§ Data block:
---

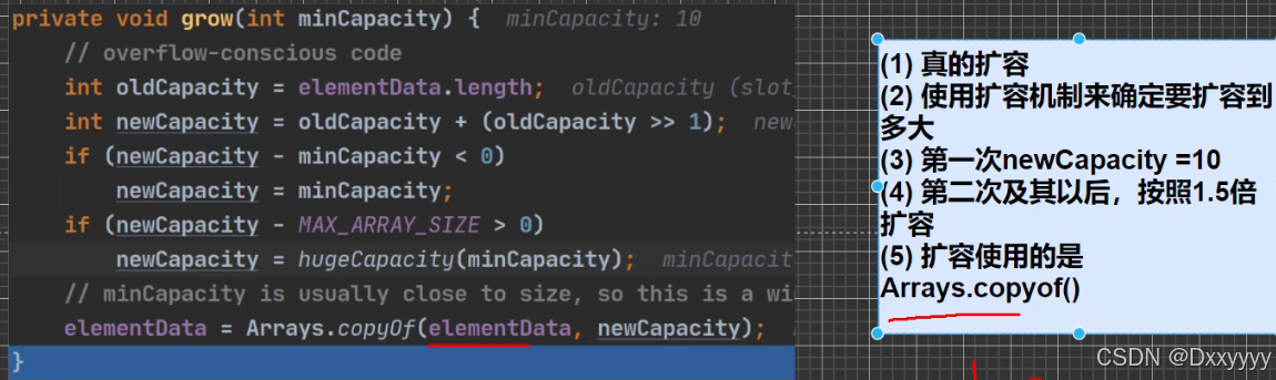 3)如果使用的是指定大小的构造器,则初始elementData容量为指定大小,如果需要扩容则直接扩容elementData为原来的1.5倍。
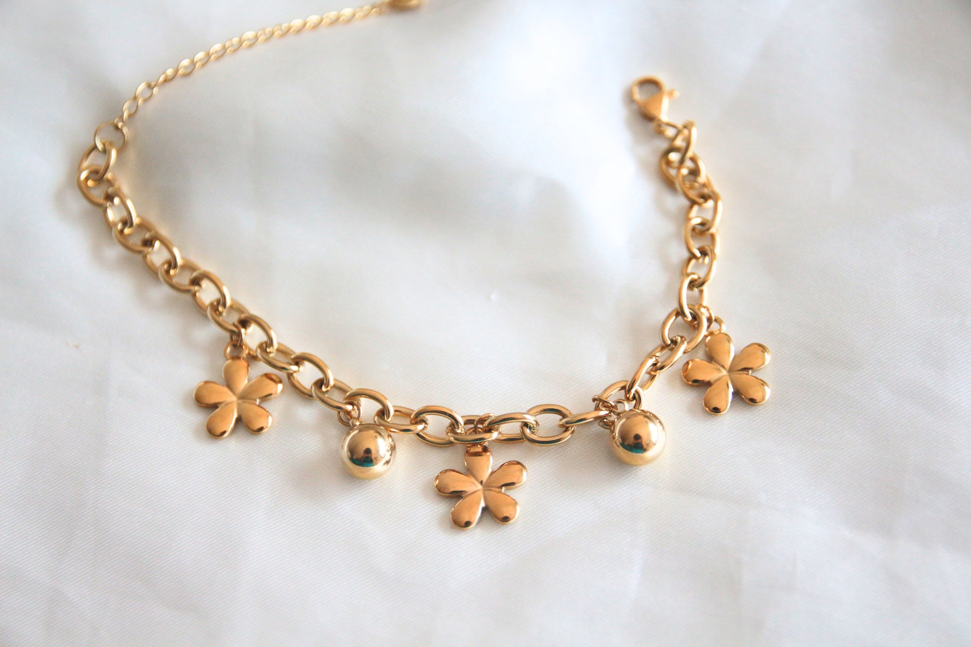 🌟 Bracelet Doré – Breloques Fleurs & Boules
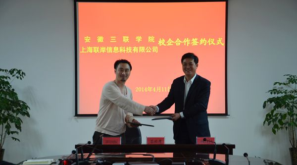 4月11日,安徽三联学院与上海联岸信息科技有限公司校企合作签约仪式在图书馆518会议室举行。上海联岸信息科技有限公司董事长金磬、安徽三联学院副院长姜发根出席仪式。
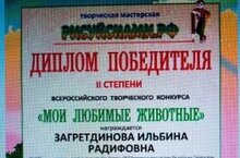 Учащиеся нашей школы приняли участие во Всероссийском творческом конкурсе "Мои любимые животные". Загретдинова Ильбина заняла II место, Марданов Аяз III место.Руководитель Билалова С.С. Поздравляем!!!

---

§ Requirement:
Repeat the listing above in full, exactly, and omit its pictures.

§ Finished task:
 3)如果使用的是指定大小的构造器,则初始elementData容量为指定大小,如果需要扩容则直接扩容elementData为原来的1.5倍。
 🌟 Bracelet Doré – Breloques Fleurs & Boules
 4月11日,安徽三联学院与上海联岸信息科技有限公司校企合作签约仪式在图书馆518会议室举行。上海联岸信息科技有限公司董事长金磬、安徽三联学院副院长姜发根出席仪式。
 Учащиеся нашей школы приняли участие во Всероссийском творческом конкурсе "Мои любимые животные". Загретдинова Ильбина заняла II место, Марданов Аяз III место.Руководитель Билалова С.С. Поздравляем!!!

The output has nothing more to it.